Obviously there's a ton of ways to analyze this, but this is an awk
post. So let's move on to what it could do for you in this scenario, and by the end you'll know how it works and be able to imagine all sorts of things you can do with it. We'll use the following file as our example to work on:
entries.log
Wed Jul 16 2019 12:35:23 GMT-0700 Success: Some Message
Wed Jul 17 2019 12:35:23 GMT-0700 Error: Some Message
Wed Jul 17 2019 12:37:14 GMT-0700 Error: Some Important Message
Wed Jul 18 2019 12:37:14 GMT-0700 Success: Some Message
Using awk
So, awk separates lines of text by "columns." Those columns are made via delimiter. By default, a space is that delimiter. SO. For this line:
Wed Jul 17 2019 12:37:14 GMT-0700 Error: Some Message
There are 9 columns. Why? Because there's 9 different pieces of text, divided by a space. AWK recognizes each of those as their own column:
Wed Jul 17 2019 12:37:14 GMT-0700 Error: Some Message
^ ^ ^ ^ ^ ^ ^ ^ ^
$1 $2 $3 $4 $5 $6 $7 $8 $9
To see this in action, if you ran:
$ echo 'Wed Jul 17 2019 12:37:14 GMT-0700 Error: Some Message' | awk '{print $1}'
You'd get back:
Wed
The {print $1}
is an "action statement." Basically, what actions do you want awk
to take on the text that we feed it? In this case, we want it to print
the first column of our output. There's a ton of other things you can do with these action statements and functions, but let's not get too far from foundations here.
How it's actually useful
Okay, that's nice and all, but how does this help? Well, it lets you search through files in a much more organized way. So let's revisit our entries.log
file that has these contents:
Wed Jul 16 2019 12:35:23 GMT-0700 Success: Some Message
Wed Jul 17 2019 12:35:23 GMT-0700 Error: Some Message
Wed Jul 17 2019 12:37:14 GMT-0700 Error: Some Important Message
Wed Jul 18 2019 12:37:14 GMT-0700 Success: Some Message
And let's say that this file is constantly being populated with entries and we want to search for only the error messages. How would we do it?

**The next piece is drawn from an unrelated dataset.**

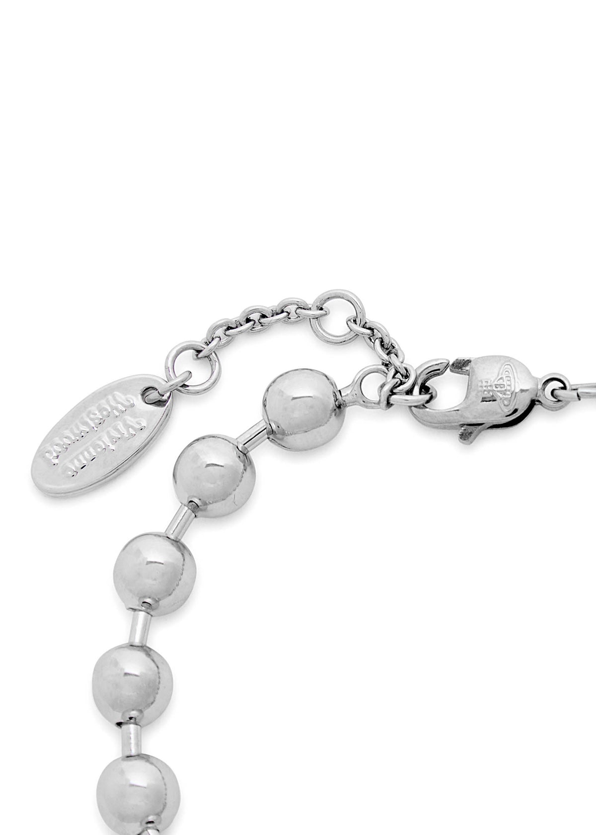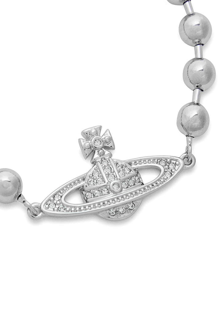 This hand-finished Vivienne Westwood metal bracelet features a beaded chain design, a textured signature orb pendant, and crystal embellishments. It has an adjustable lobster-clasp fastening and a length of 18.5cm.

Well right now, we've seen an "action statement" to print a column for the search output. But the other part to awk
is the "pattern." What "pattern" do we want awk
to search for? Well, if we wanted it to only look for lines with the word "Error" in it...
$ cat entries.log | awk '/Error/'
And here, as you can see, the "pattern" is just a regular expression. Granted it can be other things, but we'll stick with this one type for now.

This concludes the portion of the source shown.